The prevalence of any daily health complaint was 11.4%, daily somatic complaints 4.1%, daily mental complaints 8.9%, both daily mental and somatic complaints 1.5%, and low SAH 5.3%. Children of mothers with depression (any category) were more likely to report a daily health complaint: first-time treatment aPPR 1.35 (95% confidence interval [CI] = 0.96 to 1.85), continued treatment aPPR 1.59 (95% CI = 1.37 to 1.85), post-treatment aPPR 1.30 (95% CI = 1.20 to 1.41), and relapse aPPR 1.56 (95% CI = 1.35 to 1.79). Children of mothers with depression were also more likely to report low SAH: first-time treatment aPPR 1.58 (95% CI = 0.99 to 2.54), continued treatment aPPR 1.86 (95% CI = 1.51 to 2.28), post-treatment aPPR 1.34 (95% CI = 1.19 to 1.50), and relapse aPPR 1.56 (95% CI = 1.26 to 1.93). Girls had a higher prevalence of mental and somatic health complaints and more often reported low SAH compared to boys.

CONCLUSION

Treatment of maternal depression was associated with higher prevalence of daily health complaints and low SAH in the offspring at age 11 years. The association was strongest for children of mothers with continued depression or relapse.

摘要

背景

母亲的抑郁与后代的不良后果有关。现有文献主要基于父母报告,而当父母患有抑郁症时,这可能是一个不可靠的来源。

目的

探讨母亲的抑郁是否与后代的日常健康问题和低自我评估健康(SAH)有关。

设计和设置

参与者是 1996 年至 2002 年期间招募的丹麦全国出生队列的 45727 名儿童。在 11 年的随访中,邀请母亲及其子女完成一份问卷。将母亲的抑郁分为:无抑郁、首次治疗、持续治疗、治疗后和复发。

方法

使用二项式回归来估计与无抑郁母亲的子女相比,患有抑郁的母亲的子女中频繁出现健康问题和低 SAH 的调整后患病率比(aPPR)。

结果

任何日常健康问题的患病率为 11.4%,日常躯体问题为 4.1%,日常精神问题为 8.9%,同时存在日常精神和躯体问题为 1.5%,低 SAH 为 5.3%。
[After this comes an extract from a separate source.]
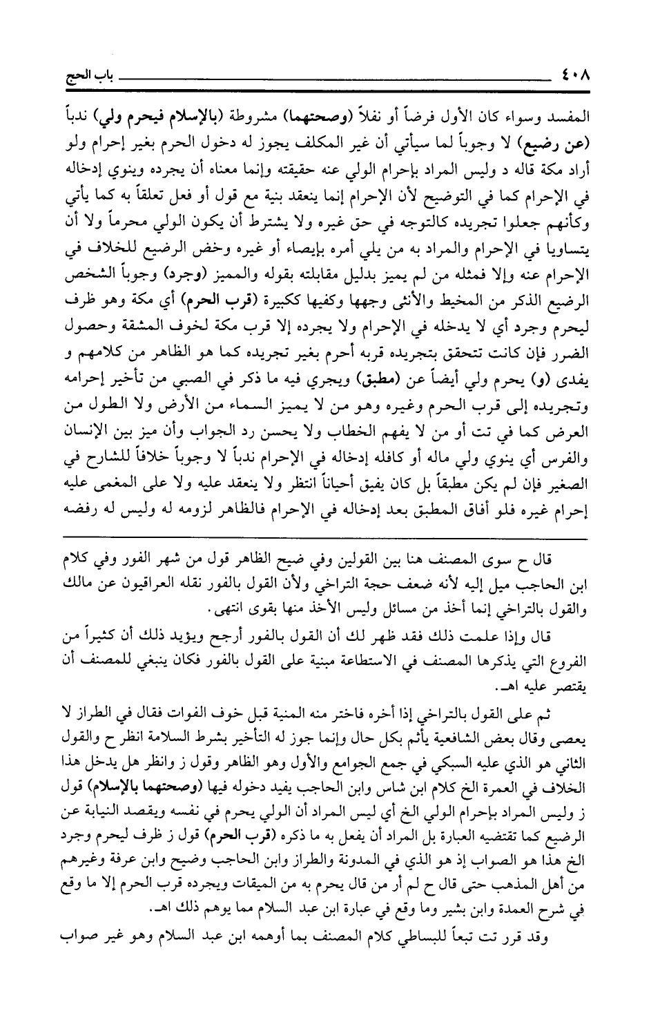 ثم على القول بالتراخي إذا أخره فاختر منه المنية قبل خوف الفوات فقال في الطراز لا يعصى وقال بعض الشافعية يأثم بكل حال وإنما جوز له التأخير بشرط السلامة انظر ح والقول الثاني هو الذي عليه السبكي في جمع الجوامع والأول وهو الظاهر وقول ز وانظر هل يدخل هذا الخلاف في العمرة الخ كلام ابن شاس وابن الحاجب يفيد دخوله فيها (وصحتهما بالإِسلام) قول ز وليس المراد بإحرام الولي الخ أي ليس المراد أن الولي يحرم في نفسه ويقصد النيابة عن الرضيع كما تقتضيه العبارة بل المراد أن يفعل به ما ذكره (قرب الحرم) قول ز ظرف ليحرم وجرد الخ هذا هو الصواب إذ هو الذي في المدونة والطراز وابن الحاجب وضيح وابن عرفة وغيرهم من أهل المذهب حتى قال ح لم أر من قال يحرم به من الميقات ويجرده قرب الحرم إلا ما وقع في شرح العمدة وابن بشير وما وقع في عبارة ابن عبد السلام مما يوهم ذلك اهـ.

患有抑郁症的母亲(任何类别)的子女更有可能报告日常健康问题:首次治疗 aPPR 为 1.35(95%置信区间[CI] = 0.96 至 1.85),持续治疗 aPPR 为 1.59(95% CI = 1.37 至 1.85),治疗后 aPPR 为 1.30(95% CI = 1.20 至 1.41),复发 aPPR 为 1.56(95% CI = 1.35 至 1.79)。患有抑郁症的母亲的子女也更有可能报告低 SAH:首次治疗 aPPR 为 1.58(95% CI = 0.99 至 2.54),持续治疗 aPPR 为 1.86(95% CI = 1.51 至 2.28),治疗后 aPPR 为 1.34(95% CI = 1.19 至 1.50),复发 aPPR 为 1.56(95% CI = 1.26 至 1.93)。与男孩相比,女孩的精神和躯体健康问题的患病率更高,且更常报告低 SAH。

结论

母亲抑郁的治疗与 11 岁儿童日常健康问题和低 SAH 的发生率较高有关。对于持续患有抑郁症或复发的母亲的子女,这种关联最强。